EDITORIAL: Another price control for the sake of faux compassion
Gov. Jared Polis recently signed House Bill 1010, aimed at curbing what sponsors call “price gouging” during emergencies. Advocates frame the law as against corporate greed, but this is a solution in search of a problem for the sake of populist optics.
Sen. Mike Weissman, D-Aurora, alongside Reps. Yara Zokaie, D-Fort Collins, and Kyle Brown, D-Louisville, championed the measure, claiming it protects consumers from bad actors exploiting disasters to inflate prices on essentials such as groceries and diapers.
The rhetoric is compelling, but the premise is flawed. The notion of rampant merchant “price gouging” during crises is a myth that misunderstands basic economics and risks harming the very people it claims to help.
Colorado has a price gouging law, enacted years ago, that has scarcely been used. If profiteering were as pervasive as portrayed, prosecutions would be rampant. Price increases during emergencies are seldom the result of greed — a scourge that kills most greedy businesses — but of necessity.
When supply chains falter — during wildfires, floods, blizzards or pandemics — goods become scarce. Prices are always controlled by supply and demand, regardless of a business leader’s intentions.
Price fluctuations serve as a critical mechanism for rationing limited resources. They discourage hoarding, ensuring that a few don’t clear shelves, leaving others empty-handed. A $30 pack of diapers might sting, but it is better than no diapers.
This is not gouging, but fundamental economics at work. Scarcity raises prices, prompting consumers to buy only what they need and enabling merchants to restock. Without this flexibility, stores could sell out instantly and leave customers stranded.
A street merchant might settle for selling umbrellas at a 1% profit during a drought, then sell the same product for a 10% profit when rain pours down and customers rush her booth.
Consider a rural grocer during a snowstorm. If she can’t raise prices to reflect the cost of limited stock and no imminent means of restocking, the merchant could go broke. Fixed prices in a crisis can bankrupt small businesses, reducing access to goods when they are needed most. The alternative of empty shelves helps no one.

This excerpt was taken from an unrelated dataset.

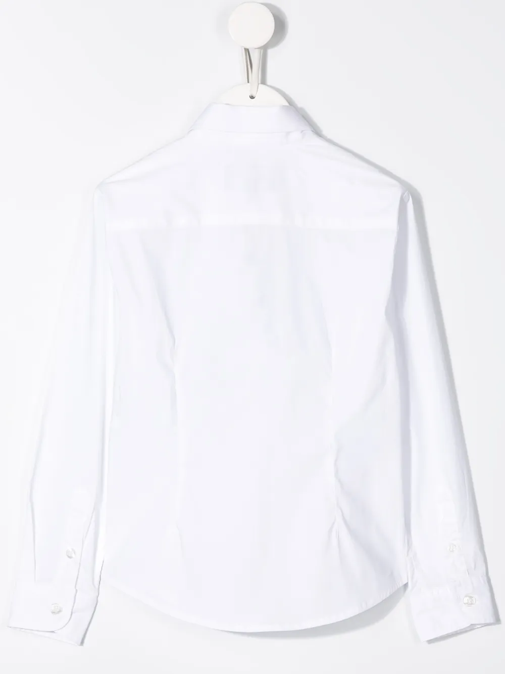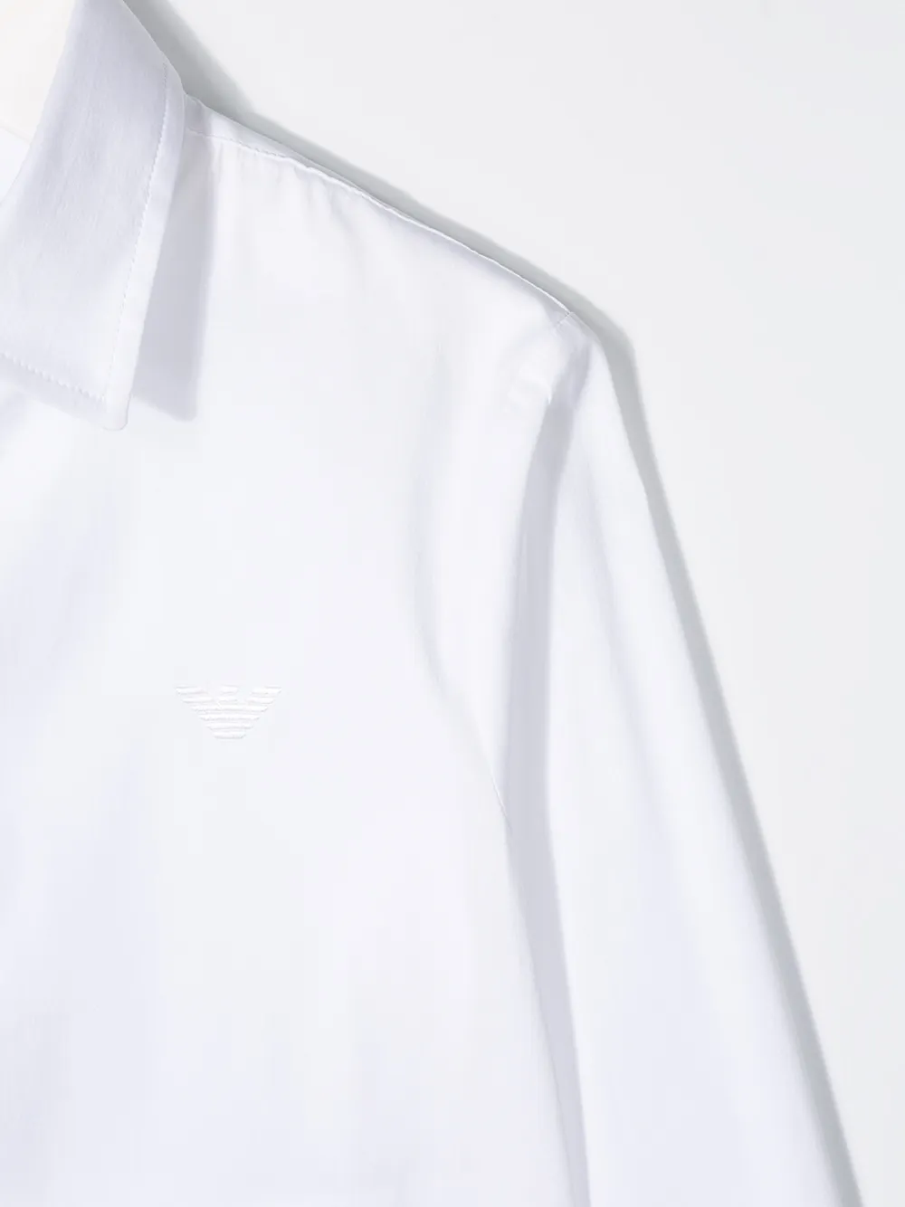 Рубашка с вышитым логотипом от Emporio Armani Kids. Вышитый логотип на груди, заостренный воротник, застежка на пуговицах спереди, длинные рукава и закругленный подол. Цвет: белый.

The additional price gouging law — in the sixth-most regulated state — is nothing other than a price control. History shows that price controls always cause scarcity. It is why we had “no gas” signs on gas stations when President Richard Nixon capped the price of crude in the 1970s, saying fuel was too important to subject to market forces. It turned out those forces were essential to supply.

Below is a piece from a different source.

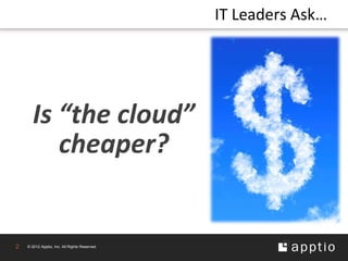 This document discusses public, private, and hybrid cloud models and strategies for determining the most cost-effective approach. It outlines six factors that cloud providers exploit to reduce costs: services orientation, capacity utilization, process efficiency, cost-effective architecture, accountability for cost, and transparency of consumption. Moving from traditional IT towers to selective cloud sourcing to full services transformation can help organizations better link costs to value and improve agility.

The same emergencies that challenge consumers burden sellers with costly transportation delays, labor shortages and damaged infrastructure. Retailers charging more for scarce goods are not “lining their pockets”; they’re covering the cost of getting product to consumers.
Studies, such as one from the Mercatus Center, prove that anti-price gouging laws can exacerbate shortages.

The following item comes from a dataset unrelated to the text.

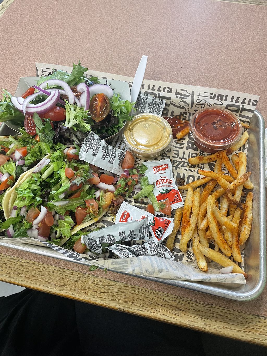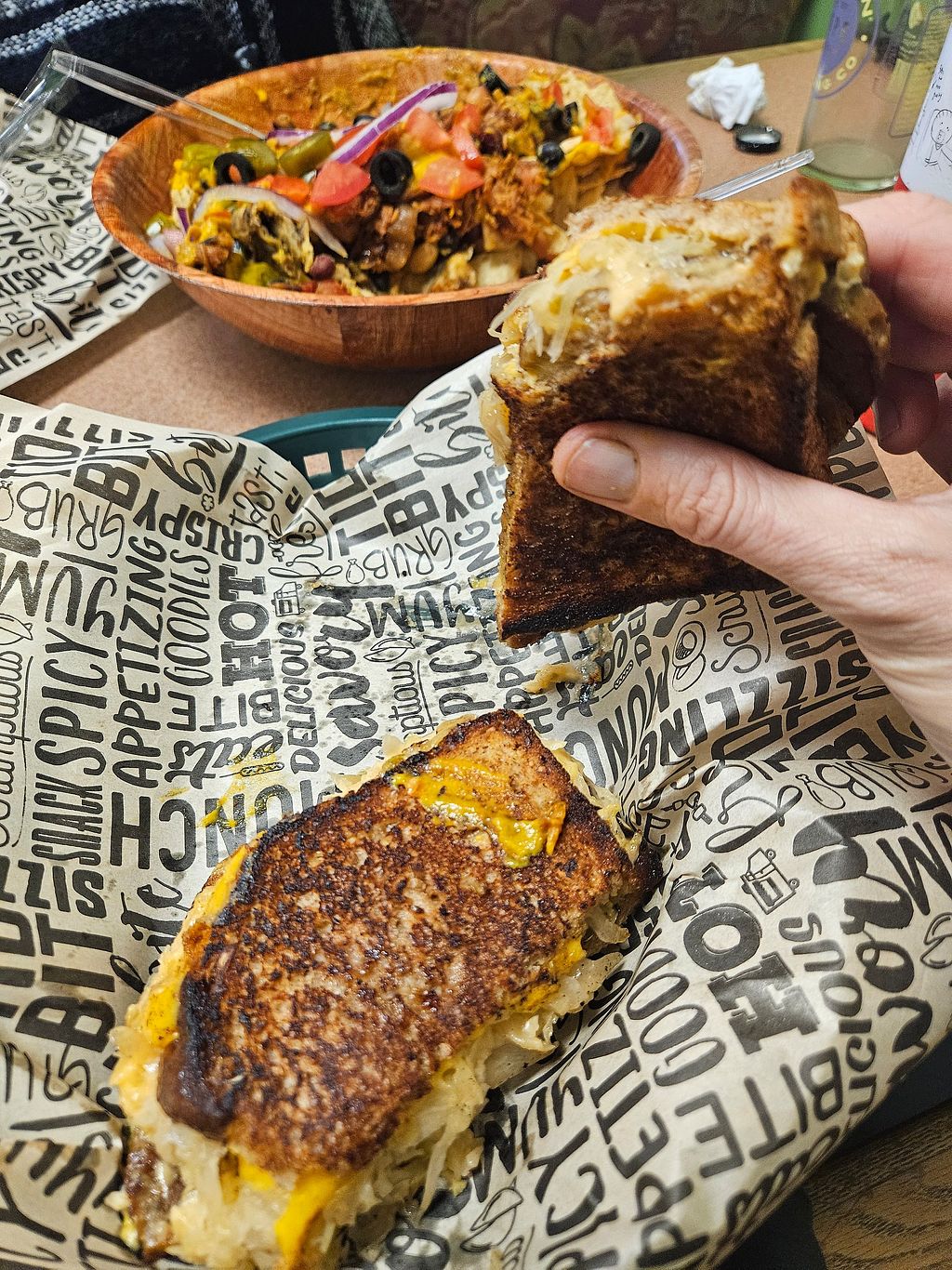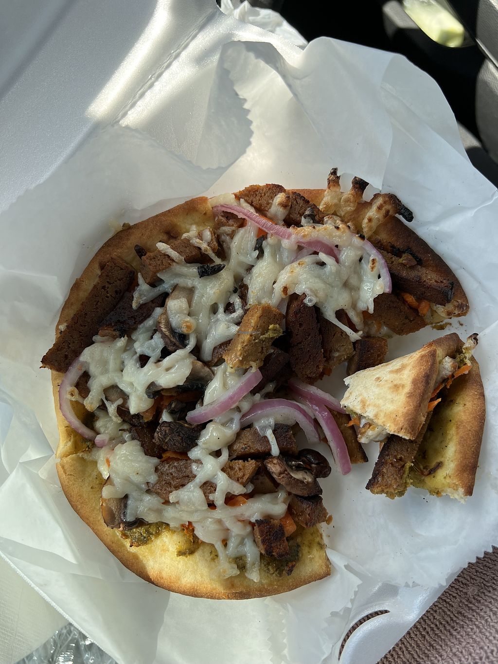 Long-standing lil vegan joint on the outskirts of town. Huge menu with a variety of burgers, sandwiches, tacos, bowls, pizzas, and more. What we got was still so fresh and crisp! Loved it.

The new law prioritizes optics over outcomes. By demonizing price adjustments, it risks stifling the market’s ability to respond to crises. Colorado’s existing law, seldom used, provides a backstop against rare cases of genuine exploitation. Piling on more regulation sends a message that honest businesses are the enemy, when in reality, they’re the ones keeping shelves stocked under pressure.
Instead of chasing this phantom “price gouging,” we should focus on real solutions: streamlining supply chains, keeping public surpluses of essential goods, supporting small businesses and educating consumers about scarcity. Painting merchants as villains might win votes, but it won’t keep food on shelves when the next disaster strikes.